Nuevo tango master Astor Piazzolla (born 11 March 1921, died 4 July 1992) packed a lot of living into his writing and his playing.
Tango is the music of Buenos Aires, but the man who would challenge so many of the traditions and clichés within tango, and in doing so create the revolutionary Nuevo tango, was not even a porteño, as the inhabitants of Buenos Aires are called. Astor Piazzolla was born in Mar del Plata, a resort town on the Atlantic coast of Argentina, about 250 miles south of Buenos Aires. When he was just four years old, his family moved to New York’s Lower East Side, then a tough neighbourhood populated by gangsters seemingly from every denomination. Astor was short and walked with a limp due to a congenital condition, so he fought his way to respect.
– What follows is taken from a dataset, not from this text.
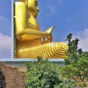 来到丹布勒石窟寺山下,会看到一座有现代风格的狮子口造型的建筑,屋顶上是巨大的金佛像,因此当地人也把这里叫做金寺。这是座精美而俗气的建筑,是2000年由日本捐助建成的,佛像摆着dhammachakka mudra(转轮)的姿势,边上还有一个巨大的霓虹灯标志。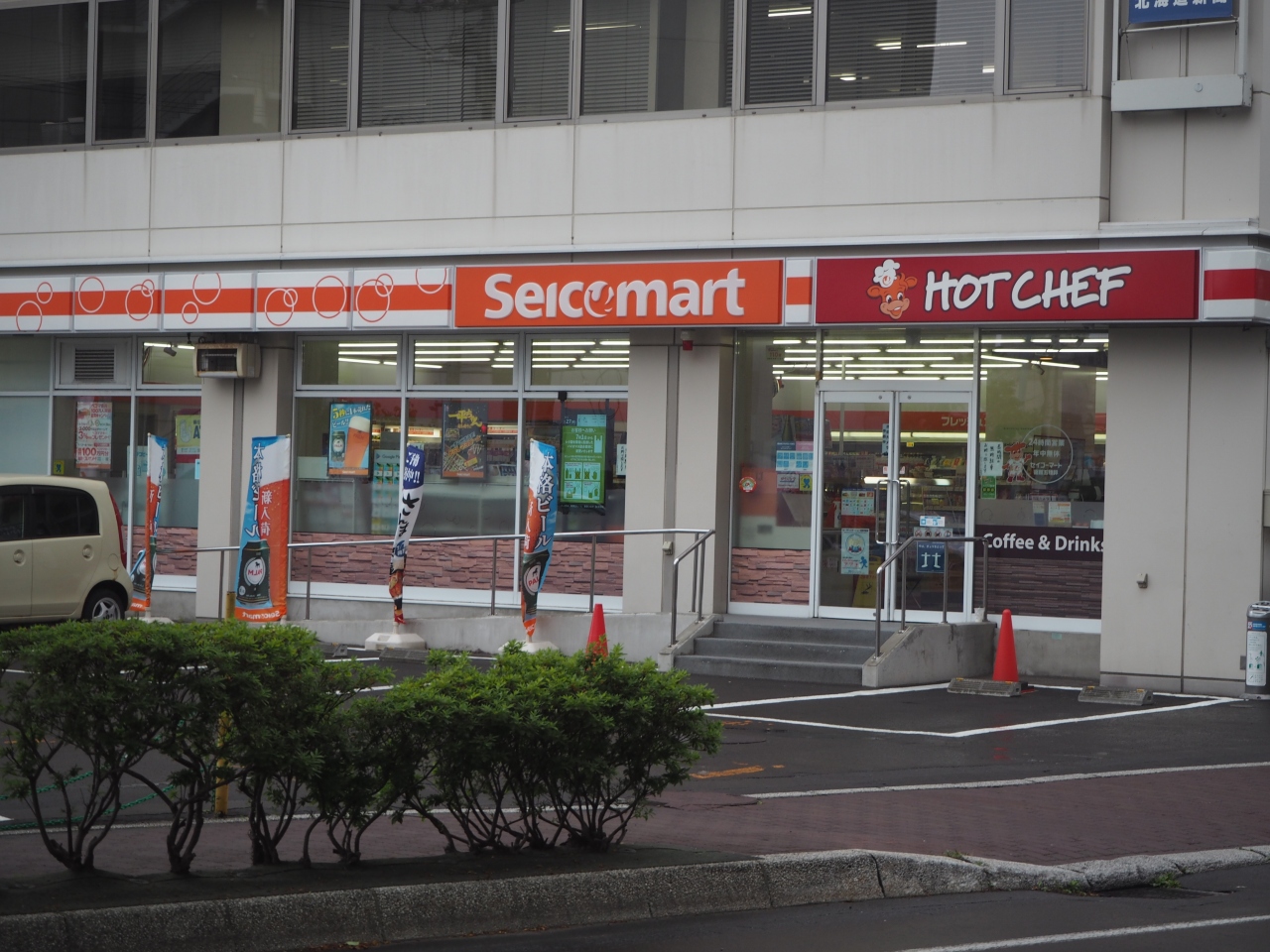 函館市電の五稜郭停留所から五稜郭へと向かうちょうどなかほどにセイコマートの函館五稜郭店はあります。セイコマートは北海道メインのコンビニで、普段見慣れないので、品ぞろえなどにとても興味があります。飲み物を買いたくて立ち寄りましたが、普段見ないセイコマートのオリジナルのものも多くありました。支払いでクオカードを使おうと思ったのですが、使えないといわれました。残念でした。

The other kids called him ‘Lefty’, acknowledging his punch.
He grew up listening to Italian songs, klezmer music, jazz and, late at night, the tangos his father played at home to alleviate his homesickness. Piazzolla hated tango, but when his father bought him a bandoneon, the button squeezebox that is the quintessential instrument of tango, he set out to learn it ‘just to please him’, he once said. There were no bandoneon teachers around, so he learned the instrument by playing transcriptions of Bach, Schumann and Mozart. He was 13 when he met the iconic tango singer Carlos Gardel, in town to shoot a couple of movies for Paramount. After hearing him play, Gardel famously told him ‘Mirá pibe, el fuelle lo tocás bárbaro, pero al tango lo tocás como un gallego’ (‘Look kid, the squeezebox you play great, but the tango you play like a gringo’).
Piazzolla was still very much a gringo when the family returned to Argentina in 1937, three years later. Even his Spanish was not that good. While in Mar del Plata, he took bandoneon lessons and also heard violinist Elvino Vardaro’s sextet on the radio. His modernist approach awakened in him a new interest in tango. In 1939, he left Mar del Plata to try his luck in Buenos Aires. He joined the orchestra of the great bandoneonist and composer Anibal Troilo, and after a four-year apprenticeship, he left to form his own orchestra.
But playing tango for the dancers in a cabaret was never Piazzolla’s goal. He studied with composer Alberto Ginastera, wrote music for film and won a classical music competition that led to studies in Paris with Nadia Boulanger in 1954. Whatever musical technique she taught him, the most profound impact was her blessing of his tango. He didn’t have to be a classical musician to write serious music, he could be Piazzolla. So, upon his return to Buenos Aires in 1955, he formed his Octet, which marked a before and after in tango history.